Sir Albert Eli Lind (21 February 1878 – 26 June 1964) was an Australian farmer and politician.

Early life
Lind was born in 1878 in East Charlton, Victoria, the son of Oliver Nicholas Lind, a farmer from Denmark, and his Welsh wife Mary Ann Clay. In 1882, drought forced the family to move to East Gippsland where Lind was educated at Lucknow, and then to Bairnsdale in 1884 where he attended Bairnsdale state school. By the age of 12, he was a builder's apprentice and worked in several trades. In 1904, then just married, Lind selected a 640-acre property at Mount Taylor, where he established a dairy farm with his brother Ernie.

Political career
Lind entered politics as a councillor for the Shire of Bairnsdale from 1914 to 1925. In October 1920, he was elected to the Victorian Legislative Assembly for the seat of Gippsland East for the Victorian Farmers' Union (VFU).

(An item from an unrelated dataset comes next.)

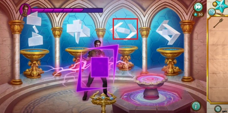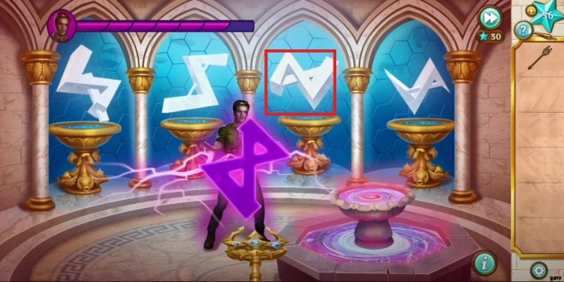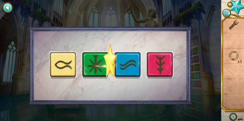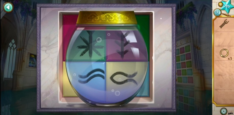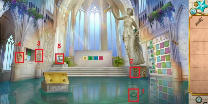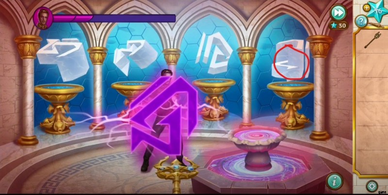 - さて、黄色のボタンが 4 つあるフロント エリアをタップします 、緑 、青 、赤いボタン .形を設定してロックを解除し、寺院の噴水を発見してください .
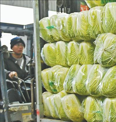 山东省烟台市芝罘区西牟果蔬批发市场,经营户在装运大白菜。

On 2 April, Lind was made Minister of Forests, President of the Board of Land and Works and Commissioner of Crown Lands and Survey in Albert Dunstan's cabinet.

On 13 October 1937, Lind was voted deputy leader of the United Country Party in an unexpected ballot at the party's pre-sessional meeting, and therefore became Deputy Premier of Victoria.

When John McDonald won government in 1950, Lind resumed his portfolios of lands and forests, as well as the additional portfolio of soldier settlement.

Lind was knighted in the 1951 King's Birthday honours for his service in the Victorian Legislative Assembly.

Family
Lind married Flora Catherine Arthur on 31 August 1904 at Bairnsdale. They had four sons and five daughters.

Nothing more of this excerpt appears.